A. H. Khan and P. Kabal
"Tree Encoding for the ITU-T G.711.1 Speech Coder", Proc. Interspeech (Florence, Italy), pp. 2553-2556, Aug. 2011.
This paper examines enhancement to ITU-T Recommendation G.711.1 PCM wideband extension speech coder. To further improve the core lower-band coding performance the use of vector quantization and delayed decision coding is studied. A particular case of delayed decision coding, tree encoding, is implemented in the above standard. The bitstream is compatible with both the legacy G.711 and the G.711.1 decoder. PESQ (ITU-T P.862, Perceptual Evaluation of Speech Quality) is used to evaluate the performance. Both the vector quantizer and tree encoder have better performance than the original core layer encoder.
Q. Gong and P. Kabal
"Improved Quality for Conversational VoIP using Path Diversity", Proc. Interspeech (Florence, Italy), pp. 2549-2552, Aug. 2011.
In Voice-over-IP, the quality of interactive conversation is important to users. Quality-based playout buffering seeks an optimum balance between delay and loss. However, such a scheme still suffers when packet losses are bursty. Path diversity can alleviate the effect of losses and improve perceived quality by providing redundancy. In this paper, a new scheme is proposed which evaluates the performance of both paths. We consider three different path diversity schemes. The playout scheduling algorithms are designed based on conversational quality including both calling quality and interactivity. The simulation results show the efficacy of our algorithms in correcting for losses (isolated and burst) and improving perceived conversational quality.
A. Nour-Eldin and P. Kabal
"Memory-Based Approximation of the Gaussian Mixture Model Framework for Bandwidth Extension of Narrowband Speech", Proc. Interspeech (Florence, Italy), pp. 1185-1188, Aug. 2011.
In this paper, we extend our previous work on exploiting speech temporal properties to improve Bandwidth Extension (BWE) of narrowband speech using Gaussian Mixture Models (GMMs). By quantifying temporal properties through information theoretic measures and using delta features, we have shown that narrowband memory significantly increases certainty about highband parameters.

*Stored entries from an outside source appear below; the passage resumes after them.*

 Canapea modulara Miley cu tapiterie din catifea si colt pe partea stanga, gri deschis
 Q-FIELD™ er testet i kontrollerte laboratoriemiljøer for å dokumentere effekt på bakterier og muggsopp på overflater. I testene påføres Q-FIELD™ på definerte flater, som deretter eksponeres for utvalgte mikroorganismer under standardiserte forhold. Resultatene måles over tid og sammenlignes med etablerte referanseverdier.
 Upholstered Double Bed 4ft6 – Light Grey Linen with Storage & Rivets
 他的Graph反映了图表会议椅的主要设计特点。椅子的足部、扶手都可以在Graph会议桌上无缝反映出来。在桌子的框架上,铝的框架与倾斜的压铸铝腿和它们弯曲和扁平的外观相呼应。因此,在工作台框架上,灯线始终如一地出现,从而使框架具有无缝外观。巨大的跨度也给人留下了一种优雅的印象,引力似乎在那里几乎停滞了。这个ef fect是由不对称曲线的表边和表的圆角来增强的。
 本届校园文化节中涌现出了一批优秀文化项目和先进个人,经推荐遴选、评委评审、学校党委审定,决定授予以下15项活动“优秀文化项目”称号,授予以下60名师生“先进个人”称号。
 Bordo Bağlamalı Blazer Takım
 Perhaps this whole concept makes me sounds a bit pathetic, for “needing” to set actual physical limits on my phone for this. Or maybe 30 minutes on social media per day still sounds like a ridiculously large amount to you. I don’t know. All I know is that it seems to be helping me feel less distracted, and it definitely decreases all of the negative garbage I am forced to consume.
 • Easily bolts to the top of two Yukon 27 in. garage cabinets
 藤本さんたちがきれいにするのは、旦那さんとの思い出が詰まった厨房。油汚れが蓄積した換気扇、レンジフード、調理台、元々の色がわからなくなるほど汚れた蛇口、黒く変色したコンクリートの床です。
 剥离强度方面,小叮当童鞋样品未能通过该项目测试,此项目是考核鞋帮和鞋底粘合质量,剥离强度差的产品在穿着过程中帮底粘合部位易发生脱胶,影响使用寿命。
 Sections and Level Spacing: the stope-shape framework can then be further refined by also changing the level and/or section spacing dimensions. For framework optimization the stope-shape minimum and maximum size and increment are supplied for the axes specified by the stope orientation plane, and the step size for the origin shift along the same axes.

However, as delta features are non-invertible, they can not be directly used to reconstruct highband frequency content. In the work presented herein, we embed temporal properties indirectly into the GMM structure through a memory-dependent tree-based approach to extend representation of the narrow band. In particular, sequences of past frames are progressively used to grow the GMM in a tree-like fashion. This growth approach results in reliable estimates for the GMM parameters such that Maximum Likelihood estimation is no longer necessary, thus circumventing the complexity accompanying high-dimensionality GMM training.
"Correlation Properties of Quantization Noise", Proc. IEEE Int. Conf. Acoustics, Speech, Signal Processing (Prague, Czech Republic), pp. 5244-5247, May 2011.
This paper examines the correlation properties of quantization noise. The quantization noise energy is subtractive if the quantizer output levels are optimized for the probability density of the input signal (pdf optimized). This paper gives a new result that shows that a quantizer (uniform or not) which has quantizer break points midway between output levels (a minimum distance quantizer) and is scaled to minimize the mean-square error, also has this property. Examples are shown that show the correlation properties which determine whether the quantization noise energy is subtractive or additive. This paper also considers a postfilter configuration that compensates for the quantization noise. The postfilter frequency domain gains take the correlation properties of the quantization noise into account. An experiment on reducing the effect of quantization noise in speech gives an indication that taking account of the correlation is useful.
M. Konaté and P. Kabal
"Quantization Noise Estimation for Log-PCM", Proc. Canadian Conf. Elect., Computer Eng. (Niagara Falls, ON), pp. 1337-1341 , May 2011.
ITU-T G.711.1 is a multirate wideband extension for the well-known ITU-T G.711 pulse code modulation of voice frequencies. The extended system is fully interoperable with the legacy narrowband one. In the case where the legacy G.711 is used to code a speech signal and G.711.1 is used to decode it, quantization noise may be audible. For this situation, the standard proposes an optional postfilter. The application of postfiltering requires an estimation of the quantization noise. In this paper we review the process of estimating this coding noise and we propose a better noise estimator.